The Nasdaq Composite ended the first half up 32%, while the S&P 500 rose 16%. At the top of the leaderboard were growth stocks such as Facebook parent Meta Platforms and Tesla, which each more than doubled, and retail titan Amazon.com, which added 55%. 

Despite those blockbuster gains, the market outlook for the rest of the year is still murky. The Fed has maintained that it plans to keep raising interest rates. Investors and analysts widely agree that the economy is slowing. And the market’s rally has been relatively narrow, led by megacap tech stocks.

In the coming holiday-shortened trading week, investors will look to the June jobs report on Friday and the May trade deficit on Wednesday to forecast the market’s trajectory.

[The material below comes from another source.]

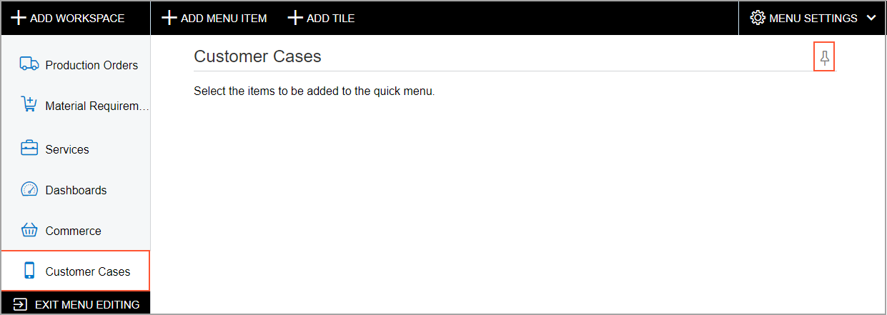 Figure 2. The new tile on the Customer Cases workspace in Menu Editing mode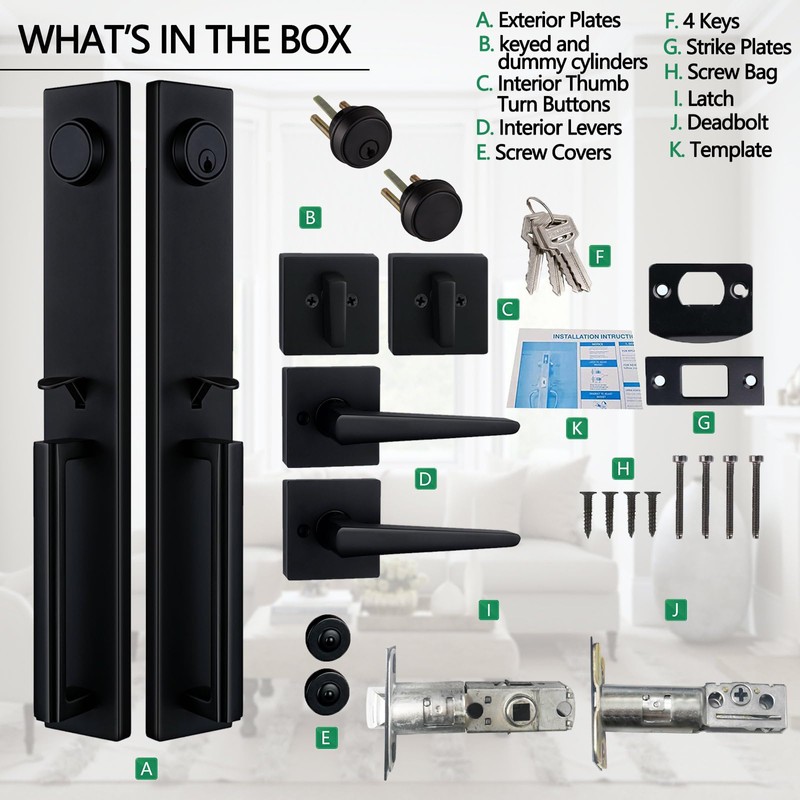 - 【 Double Door Handleset】 This keyed&dummy set comes 2 handle, one is keyed entry handle(active), the other is dummy handle(inactive).

“Economic growth has been positive but low, so investors have piled into a few companies that they think can deliver the growth,” said Ed Clissold, chief U.S. strategist at Ned Davis Research. “People aren’t buying AI stocks because they’re excited about their dividend.”

The sharp declines in regional-bank stocks, along with a pullback in the energy stocks that led markets in 2022, are partly to blame for the recent underperformance of dividend-paying stocks. Shares of Zions Bancorp have declined 44% this year on a total-return basis, which accounts for dividends and capital appreciation, while Comerica and Citizens Financial Group have dropped 35% and 32%, respectively.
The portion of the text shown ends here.